What to do> Output the full listing exactly as written, with no pictures in it.

Supplied data START

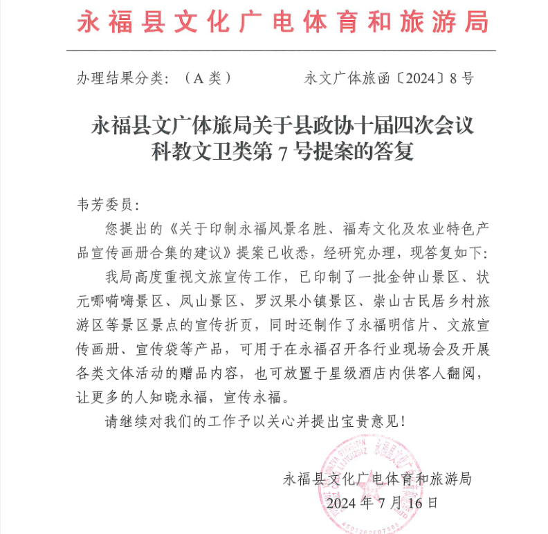 永福县文化广电体育和旅游局关于县政协十届四次会议科教文卫类第7号提案的答复
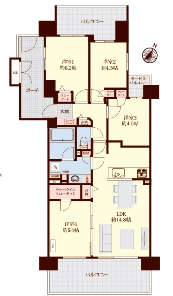 | バルコニー面積 | 20.45㎡ | バルコニー向き | 南東 |
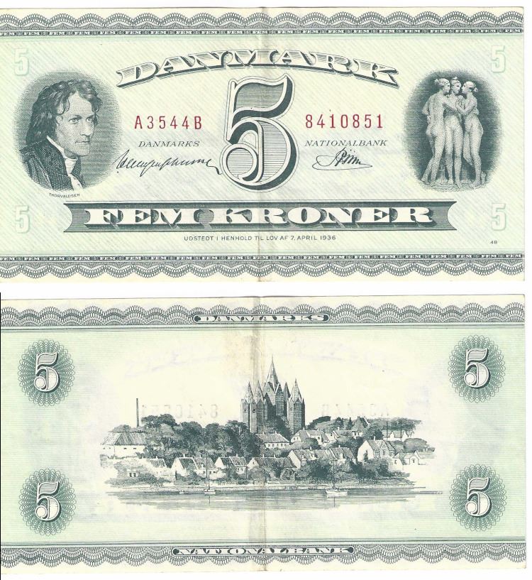 Seddel: 5 kr. 1954 A3544b i kv. 1+

Supplied data END

Answer for this exercise>
 永福县文化广电体育和旅游局关于县政协十届四次会议科教文卫类第7号提案的答复
 | バルコニー面積 | 20.45㎡ | バルコニー向き | 南東 |
 Seddel: 5 kr. 1954 A3544b i kv. 1+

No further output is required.